Friday, 11 August 2017

ALCOHOL STATISTICS – A QUESTION OF CONTEXT AND REPORTING


The issue of alcohol-related harm and how it gets reported to the public is one that concerns me. We’re all very busy, so we tend to absorb headlines and not question the numbers or the conclusions based on them. That’s understandable when it comes to members of the public, but rather less so when applied to journalists writing stories. While the pursuit of a sensational headline may be what drives the tabloids, we ought to expect more from companies such as the Guardian and the Telegraph than the kind of lazy journalism we’ve seen recently.

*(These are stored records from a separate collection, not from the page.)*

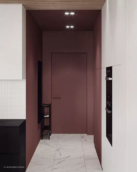 这是最普遍也是最简单的方式了,把门的颜色材质和墙面一样,基本上就可以了。再配点线条之类,让门与墙融为一体。
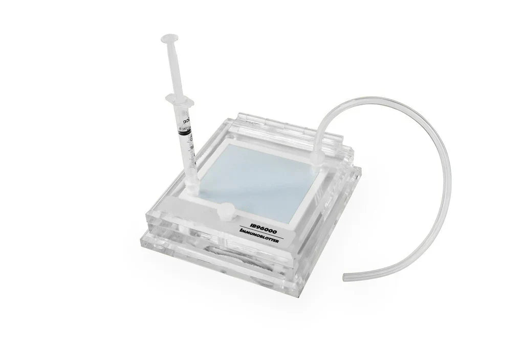The Immunoblotter is ideal for primary and secondary antibody staining of post-Western Blot transfer membranes. Designed to streamline the staining process, it allows for blocking, staining, and rinsing membranes without removing them from the chamber. This not only saves on buffers and costly antibodies but also eliminates the need for rocking platforms. The chamber measures 7.5cm long by 9cm wide and has a volume of less than 4ml, requiring only 3-4ml of antibody solution to cover the membrane completely. Constructed from durable cast acrylic, the Immunoblotter offers reliable performance and longevity. It features an easy-to-use design, allowing you to inject the antibody staining solution directly into the chamber using a luer-lock syringe or small pipette tip. A large syringe connects to the injection port, enabling efficient solution transfer through the exit tube into a waste beaker. The unit also comes with skid-proof rubber feet, a drain tube, and an operation manual. Simply clean with warm water and light detergent between uses. Physical Specifications: Unit dimensions: 5.0cm (H) x 14.0cm (W) x 15.2cm (L). Chamber dimensions: 9cm (W) x 7.5cm (L). Chamber volume: Less than 4ml. Weight: 2.5 lbs.
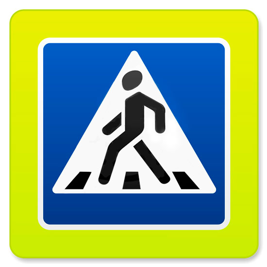 Дорожный знак 5.19.1д «Пешеходный переход» флуоресцентный (металл 0,8 мм, II типоразмер + кант: сторона 900 мм, С/О пленка: тип В алмазная) в Твери купить
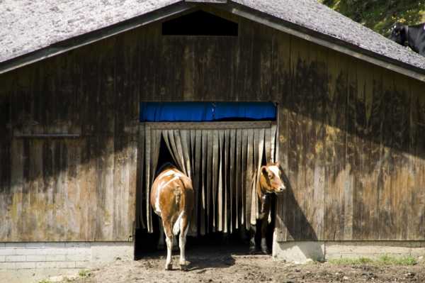 | Окна и двери | Окон должно быть достаточно, чтобы в помещении было светло. Желательно сделать их застекленными, с отрывающимися фрамугами. Расположить большую часть оконным проемов стоит на южной стороне. Двери можно сделать на противоположной. Проемы должны быть широкими, чтобы через них можно было беспрепятственно выносить отходы жизнедеятельности и заносить внутрь корма. В коровнике имеет смысл сделать двустворчатые двери. |
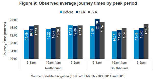 The report states: 'The evaluation observed little change in journey times for road users travelling northbound in the pm peak. For all other time periods, in both directions journey times have increased as shown in Figure 9.'

What seems to drive so-called “public health” is the determination to relay simple messages repeatedly so they become “established fact” – things that “everybody knows”. The way in which they make claims about alcohol as a cause of cancer, and how that gets reported in the press is a case in point. The evidence of a link between drinking beverage alcohol and most cancers is extremely weak. Even where such a link has been established the numbers are usually vanishingly small. Here are some examples:
In England and Wales in 2014 there were 6,754 deaths from cancer of the oesophagus, of which just 26 – 0.4% – were recorded as having been caused by drinking alcohol. The biggest link between alcohol and cancer is in relation to liver cancer, but it is still extremely rare. There were 4,442 liver cancer deaths in 2014 of which 439 were alcohol-related – 9.9%. (Source: Office for National Statistics data).
The public often confuses alcohol-related liver cancer with alcoholic liver disease. The two are not the same. Alcoholic liver disease accounts for about 65% of deaths caused by excessive alcohol consumption. Contrary to what sensationalist headlines in the Guardian and the Telegraph said recently, in which it was claimed such deaths would “soar” in the next five years, the reality over the past five years is deaths from diseases caused by alcohol are stable. In 2011, there were 8,748 such deaths and in 2015, 8,758. The average is 8,597 per year. (Source: Office for National Statistics data).

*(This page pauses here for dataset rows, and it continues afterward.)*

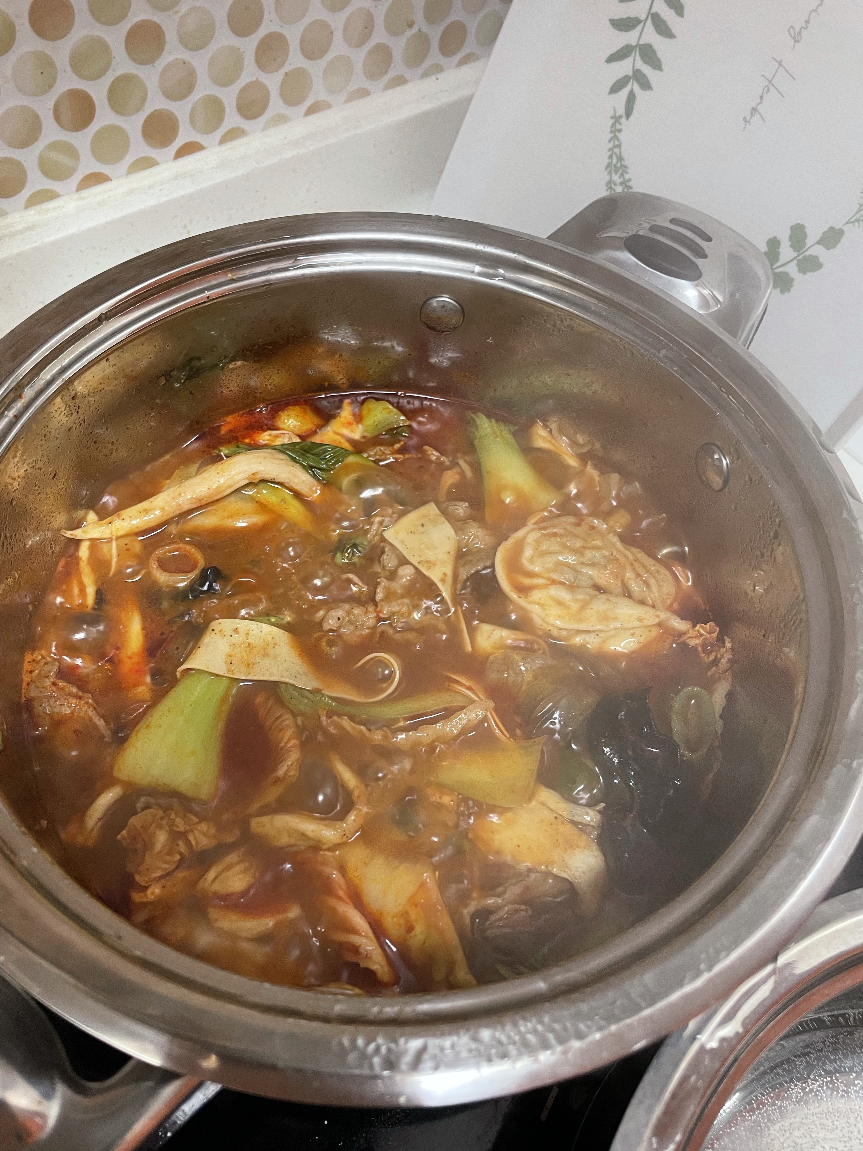 소고기, 느타리/새송이/흑목이버섯, 청경채, 배추, 대파, 포두부, 당면, 고추기름, 마라탕소스, 지마장소스가 들어있습니다.
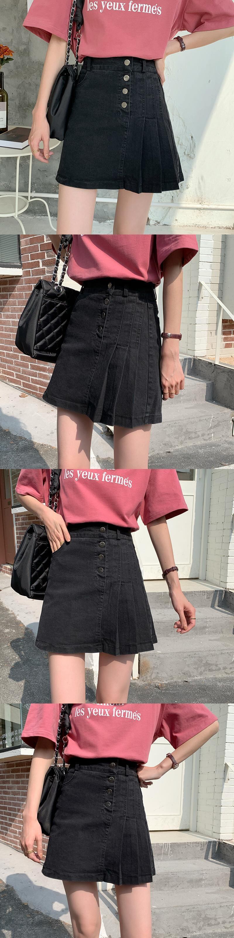 プリーツスカート スプリングオータムハイウェストAラインショート薄手ブラック 春物 秋物 スーパーモール22320446260
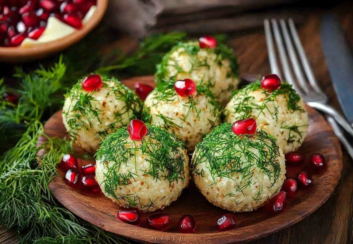 Выложите шарики на большое праздничное блюдо, украсив его лентами, чтобы закуска напоминала настоящие елочные игрушки.
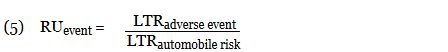 The LTRs of all adverse events were normalized to a unit comparator, using the LTR of an automobile injury as reference point, denoted as 1 risk unit (RU):
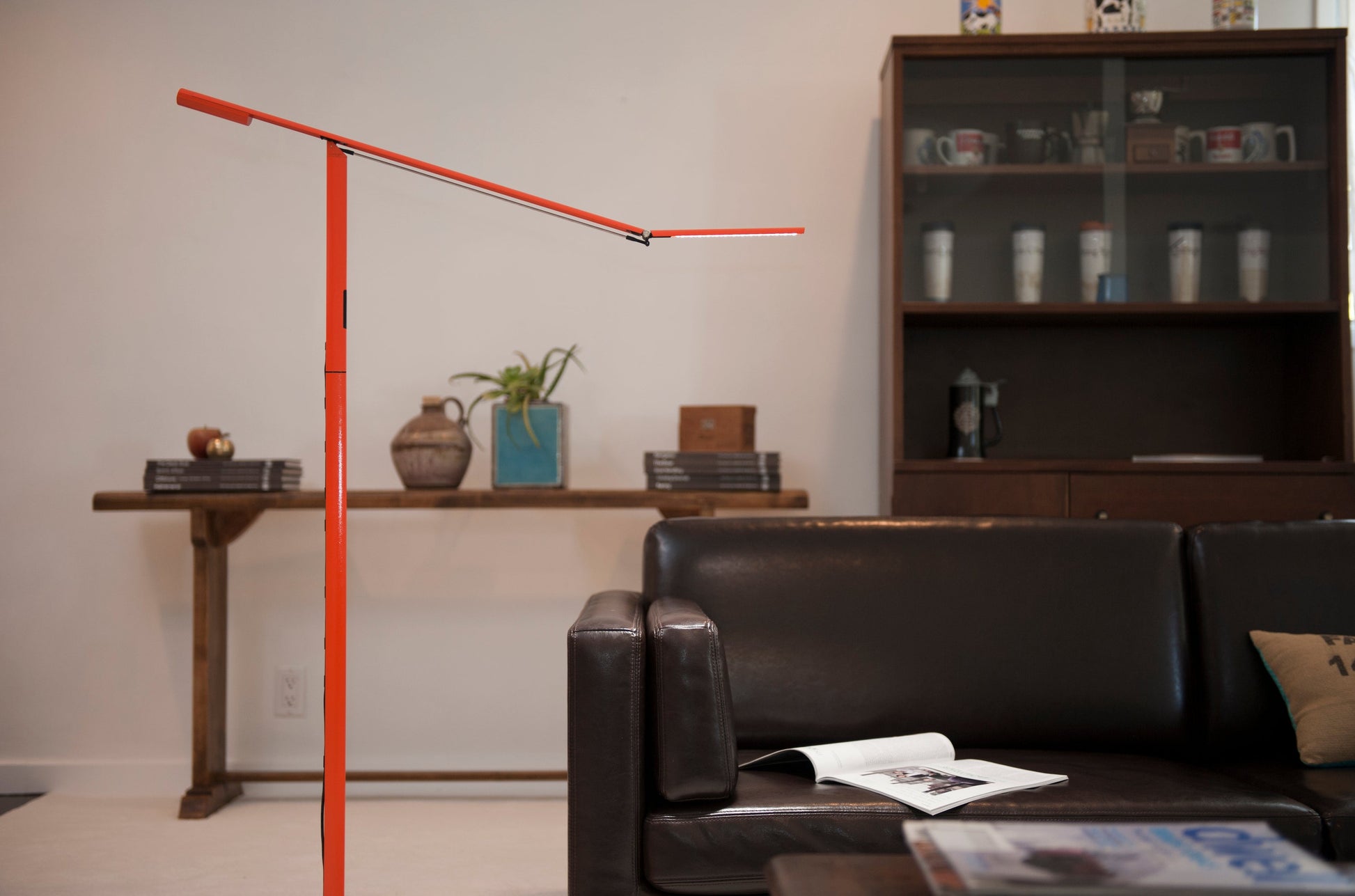 Equo Floor Lamp brings the counterweight of the Equo without the need for a table. Equo Floor Lamp is easily adjusted with just the touch of a finger. Slide your finger along the stem's touchstrip to control brightness and power. The special neck joint maintains the head's tilt as the arm swings up or down. The luminaire head is rotatable up to 180 degrees. Compatible with optional occupancy sensor.

If 65% of these deaths arise are from alcoholic liver disease, then that is about 5,588 deaths per year. Each of these deaths is an avoidable tragedy. But most of them were in men (65%); most were people aged 55 to 65 years old, and the average level of consumption was 200 units of alcohol per week – the equivalent of a bottle of scotch a day. So, the picture that emerges is one of a discrete group of alcoholics who are drinking vast quantities of alcohol over many years and dying prematurely. It is only when you understand these sorts of specifics you realise that whole population measures such as minimum pricing will not impact on the delinquent drinking behaviour of this minority of consumers.

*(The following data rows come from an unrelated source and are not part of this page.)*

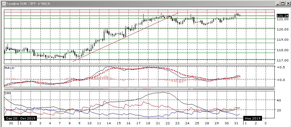 На четырёхчасовом графике пара вышла из диапазона 120,40-121,00 вверх, и цель движения, равная размеру диапазона соответствует сопротивлению на 121,60. Относительные максимумы и минимумы пары сейчас растут. По индикаторам направленного движения тенденция роста восстанавливается: превышение DM+ над DM- стало уже довольно большим при относительно высоком уровне ADX. Пара достигла зоны сопротивления (максимумы 17,21,24 октября), при откате поддержку можно ожидать на 121,00.
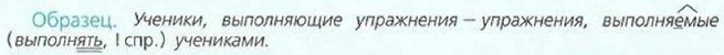 Уважа..мый (коллектив), изуча..мый (школьники), ободря..мый (товарищ), обурева..мый (жажда деятельности), приготовля..мые (школьник), приглаша..мый (собрание), оберега..мый (сырость), движ..мый (чувство сострадания). 120. Выразите мысль более сжато. Для этого замените сложное предложение простым с причастным оборотом по образцу. Если нужно, измените падеж зависимого слова в причастном обороте. После такой замены афоризм будет употреблён в той форме, какую использовал его автор. Подчеркните причастные обороты как члены предложения. Расставьте запятые. Обозначьте суффиксы причастий. Над действительными причастиями надпишите букву д., над страдательными — с. Образец. Твёрдая воля-это победа, которая ежеминутно одерживается над инстинктами, над влечениями. (По О. Бальзаку) - Твёрдая воля - это ежеминутно одерживаемая победа над инстинктами, над влечениями. (О. Бальзак) 1. Упрямство есть слабость, которая имеет вид силы. (По В. Жуковскому) 2. Скромность, которая хвастается своей скромностью,— это уже не скромность, а высокомерие... (По И. Бехеру) 3. Честь — это награда, которая присуждается за добродетель. (По Аристотелю) 4. Совесть — это память общества, которую усваивает отдельное лицо. (По Л. Толстому) 121. Замените действительные причастия страдательными и запишите получившиеся выражения. Обозначьте условия выбора букв е и и в суффиксах причастий -ем- и -им-.
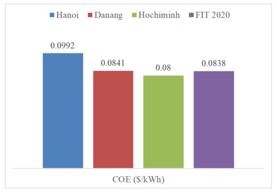 COE of the PV-powered EV charging stations in three cities of Hanoi, Da Nang, and Ho Chi Minh are shown in Figure 18. Hanoi has the highest COE of 0.0992 $/kWh, Da Nang’s COE is 0.0841 $/kWh while Ho Chi Minh has the lowest COE of 0.08 $/kWh. The COE of Ho Chi Minh is lower than the rooftop solar power FIT price in 2020 of 0.0838 $/kWh encouraged by the Vietnamese government. Therefore, the investment of the PV-powered EV charging station in Ho Chi Minh and other areas in Vietnam with similar or higher solar radiation conditions is completely feasible and can develop in the coming time. The PV-powered EV charging stations at Da Nang and other areas having the same solar radiation with COE equivalent to the solar power FIT price in 2020 can also be considered investing by optimizing the selection of equipment to reduce investment costs. Hanoi has high COE, so it is difficult for investors to make profits, the construction of the PV-powered EV charging stations at the lowest solar radiation areas should be supported by funding from the government or other organizations, etc.
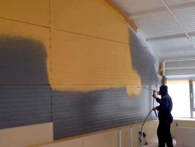 Нанесение краски методом распыления позволяет создать плёнку, которая защищает стены, металлоконструкции и прочие поверхности от негативных воздействий окружающей среды
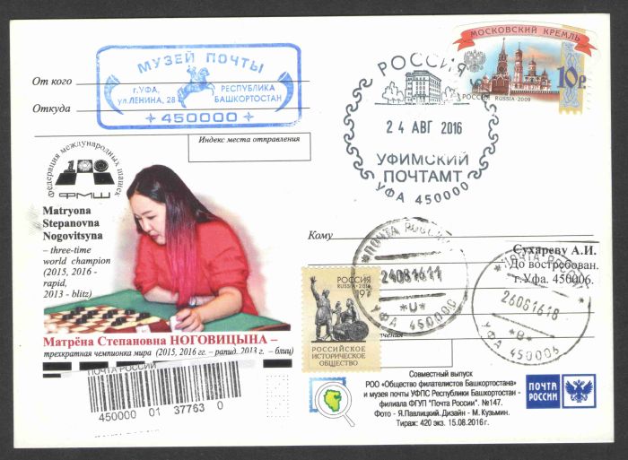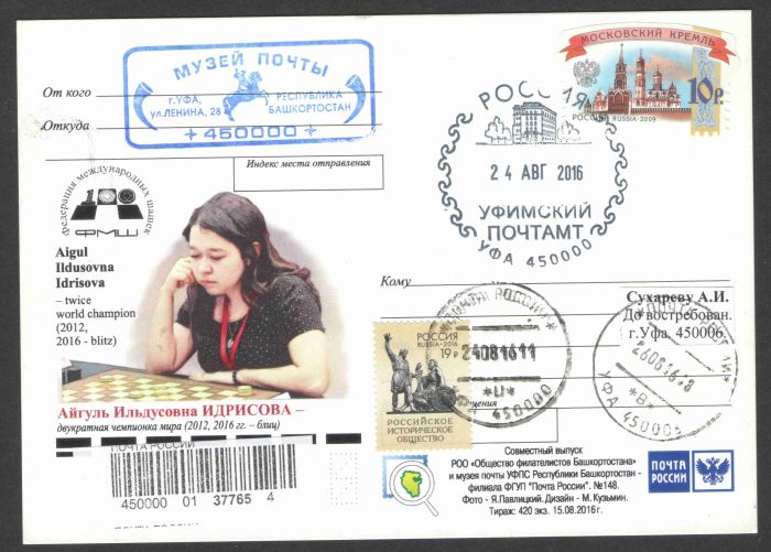 ПК № 164. А.И. Идрисова – шашистка, трехратная чемпионка мира. 15 августа 2016 г. Тир.: 520 экз. Карточка 24.08.2016 г. прошла заказную почту. Основная м. на ней погашена СШ об Уфимском почтамте. Доплатная м. – КШ-лем.
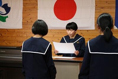 在校生代表からは、新入生へ「1,2、3年生のみんなで力を合わせてがんばりましょう」と「歓迎のことば」が送られました。
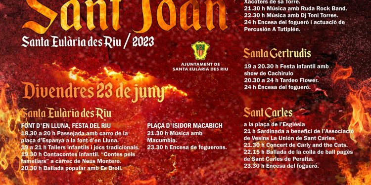 El Ayuntamiento de Santa Eulària ha preparado para esta Nit de Sant Joan numerosas actividades repartidas por el municipio que incluyen los tradicionales ‘foguerons’, actuaciones musicales, así como talleres infantiles pero también un servicios de ‘carro taxi’, juegos de agua o un espectáculo de luces led.
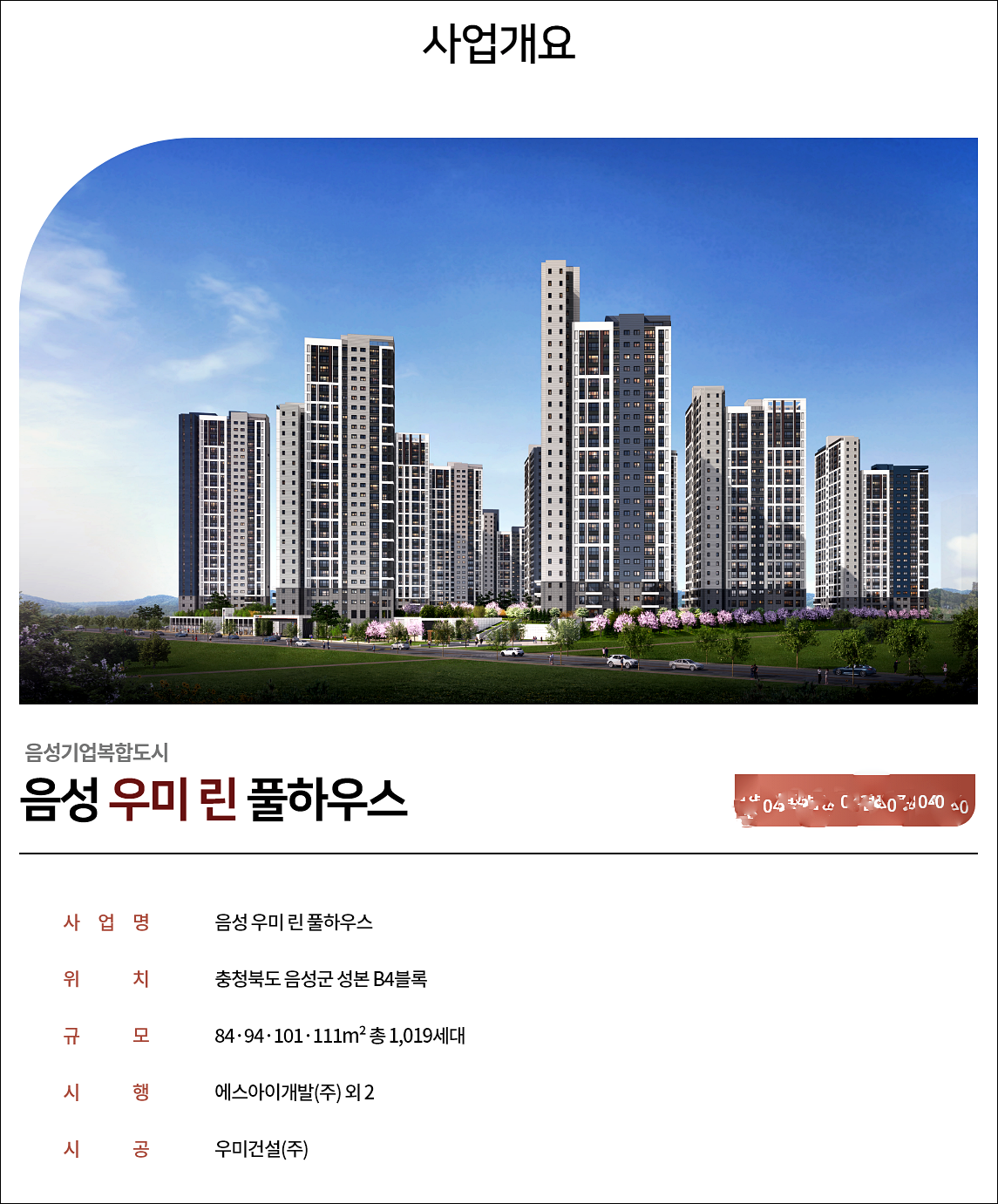 오늘 알아볼 음성 우미린 풀하우스는 성본산업단지와 충북혁신도시의 풍부한 일자리 수요를 기반으로 높은 수요가 기대되는 총 1,019세대의 대형단지입니다.

Talking of delinquent behaviour – the latest drink-driving statistics have just been released. According to the Department for Transport (DfT) there were 1,170 serious injuries or fatalities in 2015 as a result of drink-driving. This is up from 1,070 in 2014 – an increase of 9.3%. But if you separate deaths from drink-driving from the combined figure they fell by 17% from 240 to 200. Confusingly the DfT defined the increase of 9.9% in the combined figure as statistically significant, but the decrease of 17% in fatalities as statistically insignificant, merely representing the “continuation of a period of stability”.
Predictably, campaigners are calling for a reduction in the drink-drive limit to bring England and Wales in line with Scotland, where the measure has had a devastating effect on pub businesses. The problem is not so much a dearth of accurate information, but the way in which lobby and research groups frame the dissemination of information and how it gets picked up and used in the media.